While performing in Nude with Violin in Melbourne, Helpmann appeared in a production of Box for One on Australian broadcaster ABC. It aired live on ABC's Melbourne station ABV-2. A telerecording (also known as a kinescope) was made and shown in Sydney on station ABN-2. It is not known if the kinescope recording still exists.

The ABC had just presented a one-woman play, a version of Sorry, Wrong Number (1958).

It was one of several thrillers filmed in the early days of Australian television.

===Reception===
The Australian Women's Weekly TV critic called it "Sorry, Wrong Number written for men.
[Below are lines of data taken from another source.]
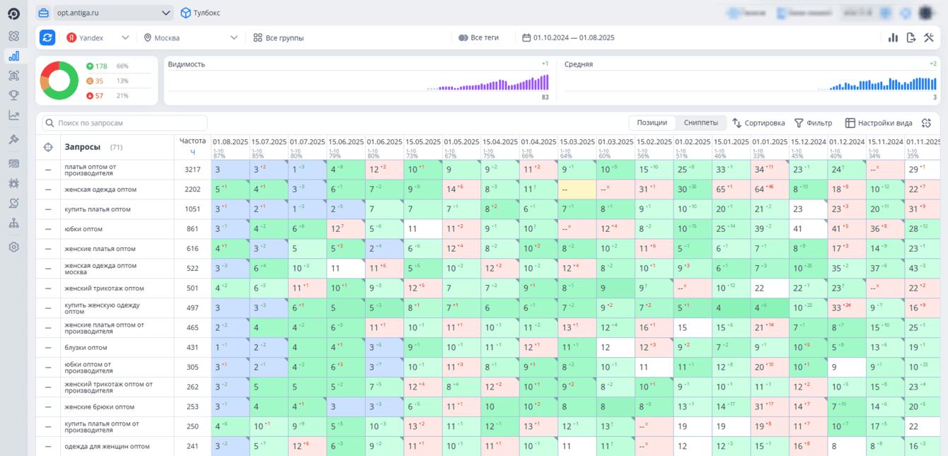 - Увеличение видимости по запросам: розница - «женские платья российского производства», опт - «опт женской одежды от производителя»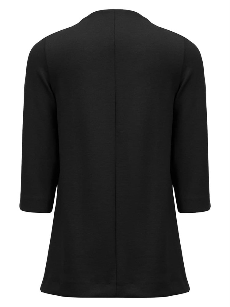 Жакет прямой, с рукавами 3/4, без застежки, с двумя накладными карманами. Без каких-либо декоративных элементов; Состав: Вискоза - 60%, Нейлон - 35%, Эластан - 5%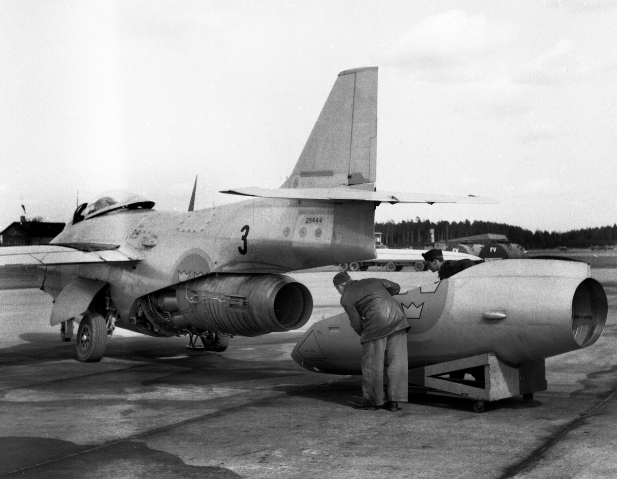 Förbandsprov med en ny version av J29 F Flygande Tunnan. Vid en pressvisning på Malmen framkom att planet motsvarade alla förväntningar. Det är major Georg Palmqvist och Gunnar Westerholm som ansvarade på pressvisningen.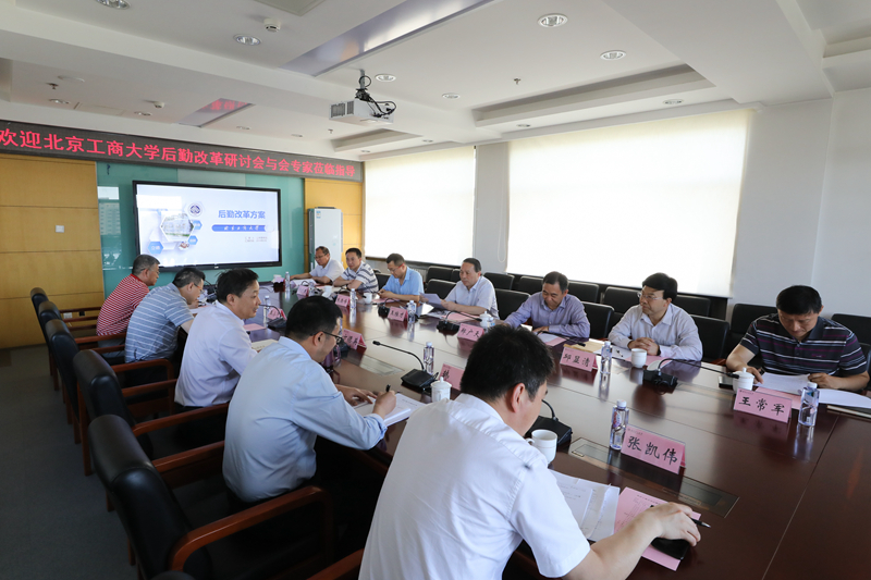 公共事務處處長韓軍向與會專家匯報了《北京工商大學后勤改革方案(討論稿)》,就學校后勤現狀與問題、改革目標與要求、改革內容與措施和所需政策與支持四方面作了細致介紹,隨后與會專家針對此方案進行了研討,從理論和實踐多個方面提出了許多真知灼見。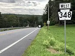 When Pennsylvania first legislated routes in 1911, the current alignment of PA 348 was not given a number.[5] By 1930, the road remained unnumbered and was paved in Lackawanna County and unpaved in Wayne County.[6] PA 348 was designated in the 1930s to run from US 611 (now PA 435) north of Elmhurst east to PA 590 north of Hollisterville. At this time, the entire length of the route was paved.[7] In 1958, the western terminus at US 611 was modified to its current configuration, with an overpass carrying northbound US 611 over PA 348 and a ramp from PA 348 to northbound US 611, as part of widening that section of US 611 into a divided highway.[8][9]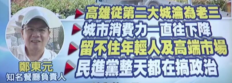 此外,在受訪時鄭東元還指出了高雄如今面臨的幾大問題:從過去全臺第二大城淪為老三,城市整體消費力持續(xù)下滑,留不住年輕人及高端市場……他直言,如今高雄的經濟出現(xiàn)了嚴重問題,而民進黨卻整天忙著搞政治,根本不關注基層百姓的經濟民生及招商引資,痛批“民進黨只會拼政治,不會拼經濟”!

I thought it wasn't as good a play, nor as well done as Sorry, Wrong Number done by Channel 2 several months ago."

Helpmann reprised a section from the play in Half an Hour with Robert Helpmann (1964).

==See also==
- Ending It - 1939 BBC TV play which also saw an Australian version.
- Miss Mabel - Stage play which saw both versions in both the UK and Australia
- Black Limelight - Stage play which saw versions in both the UK and Australia
- List of live television plays broadcast on Australian Broadcasting Corporation (1950s)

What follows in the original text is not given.